All over a sudden Athlon scores a whole lot better and KX133 is faster than Irongate, just as it should be. The strange thing is though, that we should expect an OpenGL-workstation benchmark to run better under NT than under Windows98. I doubt than anyone would use high-end OpenGL-software under Windows98. Puzzled I looked at the Pentium III (Coppermine) scores and started to smell something seriously fishy.

What Does Athlon's OpenGL Performance Under NT Have In Common With An Excellent Munster?

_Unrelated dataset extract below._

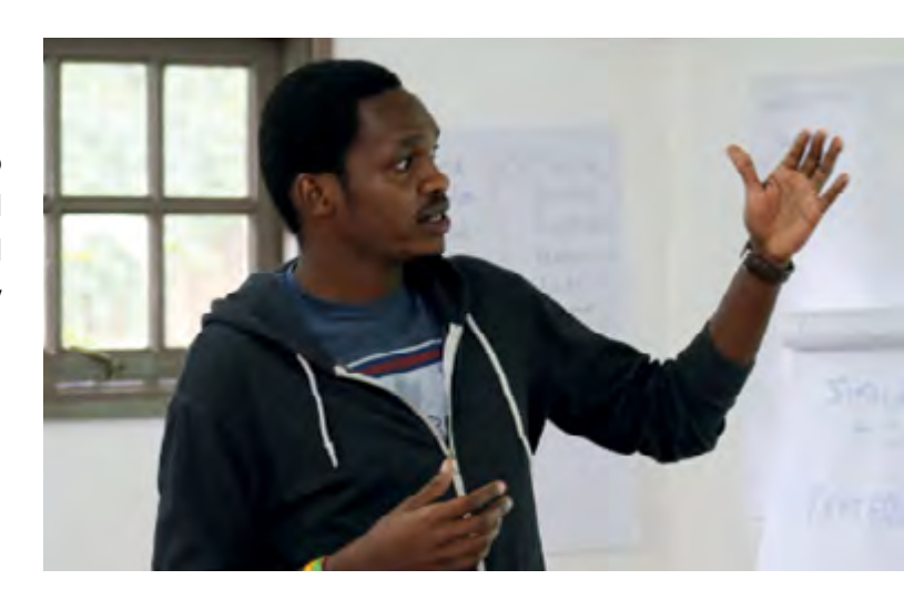
Youth and land workshop Naivasha, Kenya 2014.

I can't help it, but that really stinks! Coppermine scores higher under NT than under Win98, which is what everybody would expect. It also scores way higher than Athlon under NT, something nobody would expect. Running SPECviewperf under Windows98 (what no sane person would ever do) reveals that Athlon's Win98-scores are not only higher than Coppermine's Win98-scores, they are even higher than some of Coppermine's NT-scores! Athlon's Win98-scores prove that this processor can run OpenGL-software on GeForce very well, but under NT, where those scores are important, Athlon performs miserably. Could it be that somebody who doesn't want Athlon to look good on workstations is trying to make sure that either GeForce's (and thus Quadro's) NT-driver runs really bad as soon as it detects an Athlon-processor, or is there some strange anti-Athlon-software in WindowsNT's latest service pack? Many of you will know that Quadro, a NVIDIA GeForce-chip with 64 MB DDR-memory, is an extremely good high-end OpenGL-performer and will thus sell very well in the workstation area. Making sure that Athlon performs really badly with this graphics card almost means barring Athlon's well-deserved way into the workstation-segment. The SPECviewperf-scores under Windows98 prove that there's certainly no hardware problem between GeForce and Athlon. They also prove that Athlon is actually performing better than Coppermine in OpenGL. The fishy scores under NT raise some serious questions towards NVIDIA, Microsoft and also AMD, since nobody there seems to have noticed this issue early enough.

You see, this is AMD-bully No. 2,345,687. It's exactly what I was talking about in my introduction. Intel seems to pull enough weight that a well performing AMD-product is shut up with some cheesy software. If AMD isn't finally starting to do something about those kinds of issues, the days of this company will be counted.